HEC-ResSim and the HEC-WQ Engine have the ability to perform calculations with either English or SI unit system inputs for many of the hydrological and water quality input variables. However, the equations detailed in this document will only use the SI system, for consistency. The main reason for this is the widespread usage of SI units for the concentration of material in water (mg/L). The ERDC-EL libraries for calculating heat fluxes and nutrient transformations also accept only SI unit inputs and do all calculations natively in SI.

Water Quality Nomenclature

Many of the terms denoting components of water quality modeling in HEC-ResSim and the WQ Engine will be familiar to water quality modelers (e.g., initial conditions, boundary conditions). However, some of the terms used in this manual (and in HEC-ResSim) are less commonly used, and have been chosen to provide clarity and eliminate overlap with pre-existing ResSim computational components. Specifically, what are commonly referred to as water quality state variables (e.g., water temperature, dissolved oxygen, nutrient concentrations) are referred to here as water quality constituents. The name given to a calibration coefficient that can be varied within certain bounds to calibrate the model (e.g., a rate coefficient for nutrient transformation) is a water quality parameter. The definitions of these less commonly used terms are emphasized when first mentioned in the text, and the appendix Glossary of Water Quality Terms provides definitions for quick reference.

Technical Manual Setup

The remainder of the Introduction provides information about the general capabilities and limitations of the model. The second section provides information about the required input datasets.
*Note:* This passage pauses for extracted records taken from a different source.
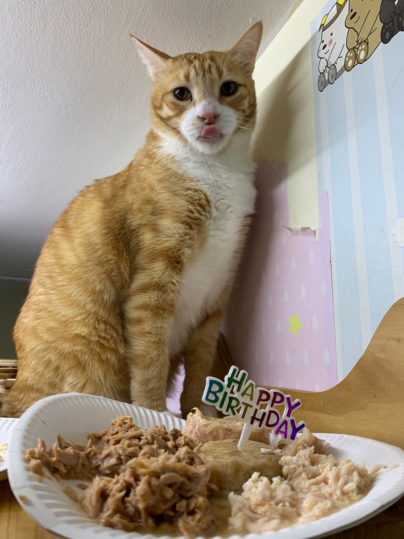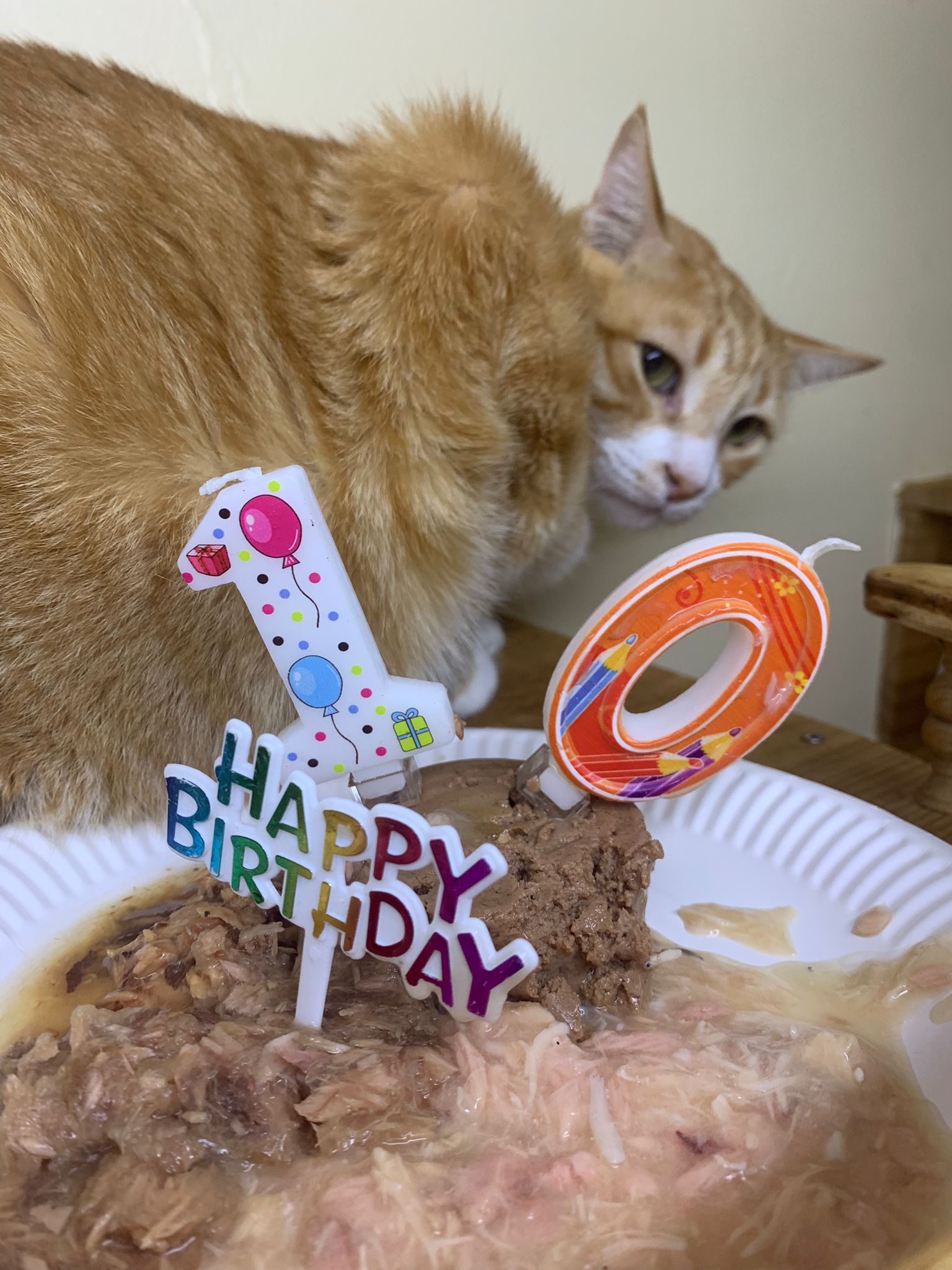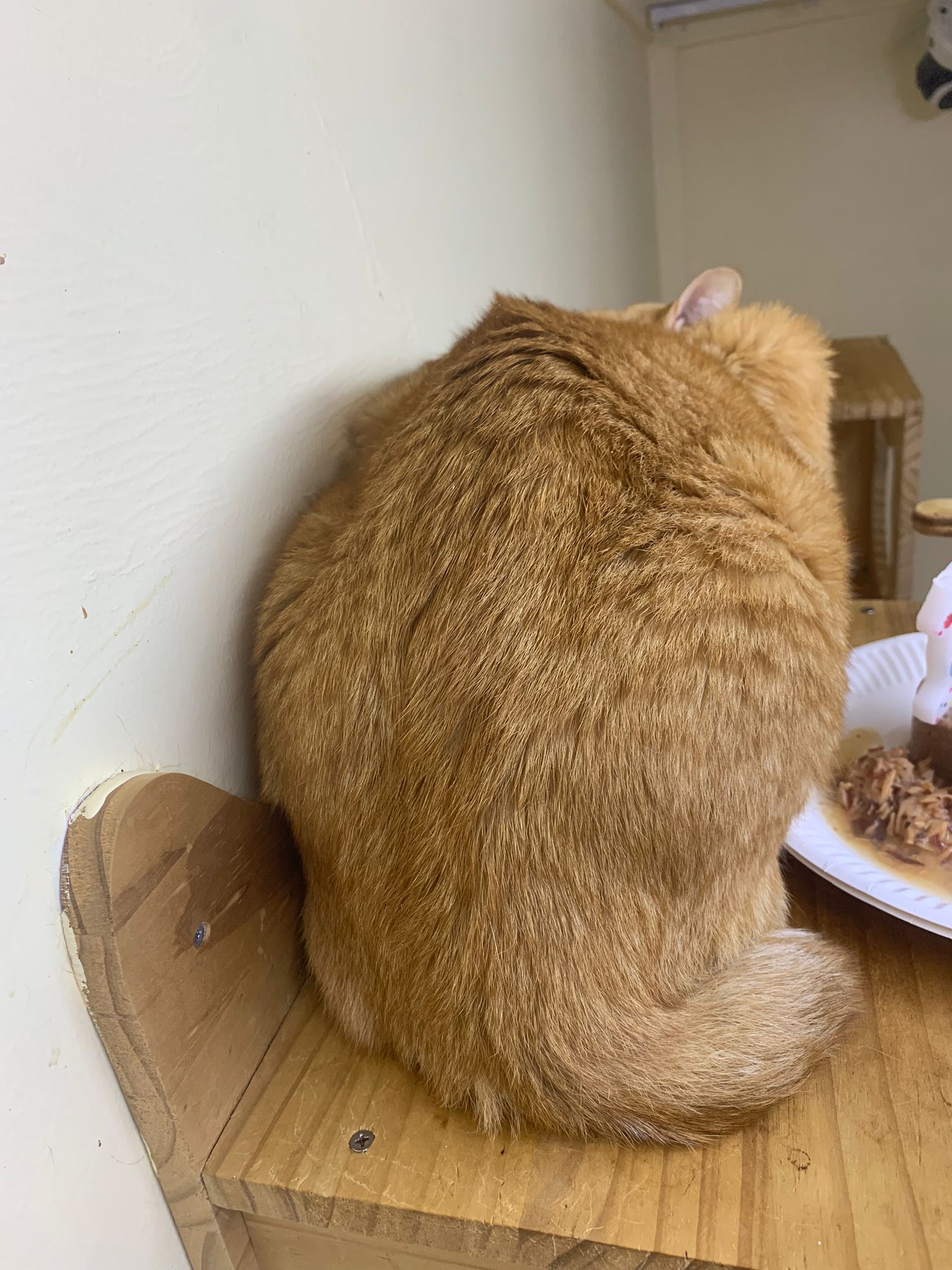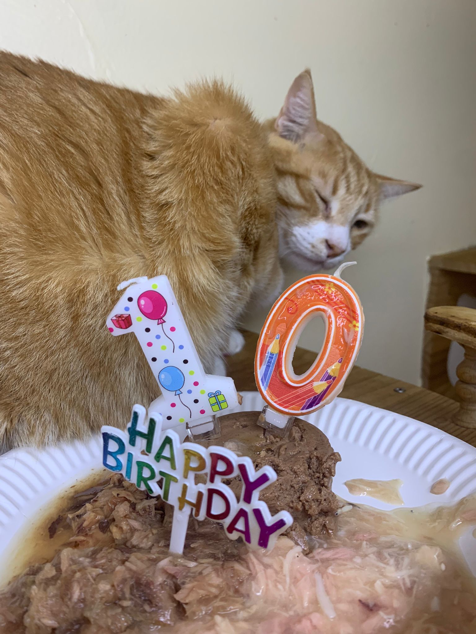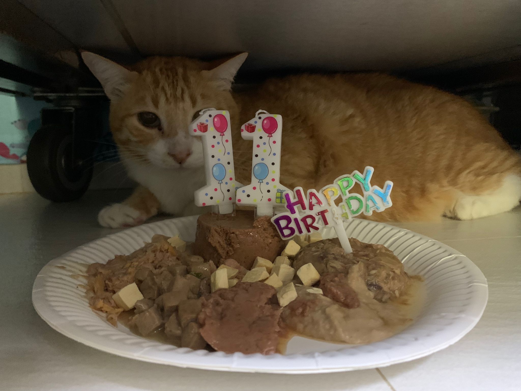 10am+: today celebrate Jack 9th bday in 猫房, he is at the bottom on floor, I manage to sayang his butt for once. Ha. Better than nothing. He didn’t fly away.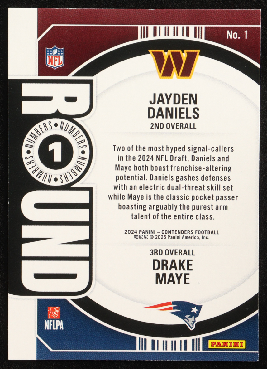 Drake Maye / Jayden Daniels 2024 Panini Contenders Round Numbers #1 RC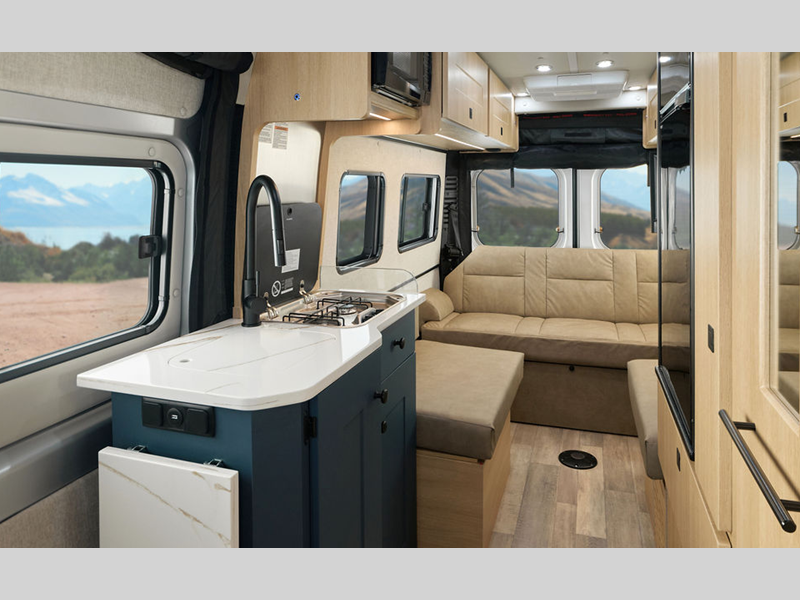 Sleeps 2 Length 20 ft 9 in Ext Width 6 ft 11 in Ext Height 9 ft 5 in Int Height 6 ft 2 in Hitch Weight 2150 lbs GVWR 9350 lbs Cargo Capacity 1700 lbs Fresh Water Capacity 31 gals Grey Water Capacity 14 gals Black Water Capacity 4 gals Tire Size LT225/75R16E Black Wall Furnace BTU 14300 btu Generator Underhood Fuel Type Gasoline Engine 3.6L V6 24 Valve Chassis Ram ProMaster 3500 Extended Van Horsepower 280 hp Fuel Capacity 24 gals Wheelbase 159 in Available Beds Two Twin, King Conversion Refrigerator Type 12V Refrigerator Size 3.1 cu ft Cooktop Burners 2 Number of Awnings 1 LP Tank Capacity 5.9 gals Water Heater Type On Demand AC BTU 13500 btu TV Info Coach 24" Smart TV Awning Info 13' Power Gross Combined Weight 11500 lbs Shower Type Wet/Bath Shower Electrical Service 30 amp Solar Wattage 300 watts -

The third section describes the equations and algorithms used for transport of water quality within reservoirs, and the fourth section describes transport within stream reaches. These are followed by a description of methods used in reservoir operations for water quality. The final sections document the heat budget and nutrient transformation equations used in the ERDC-EL libraries, and the results of some verification and validation simulations.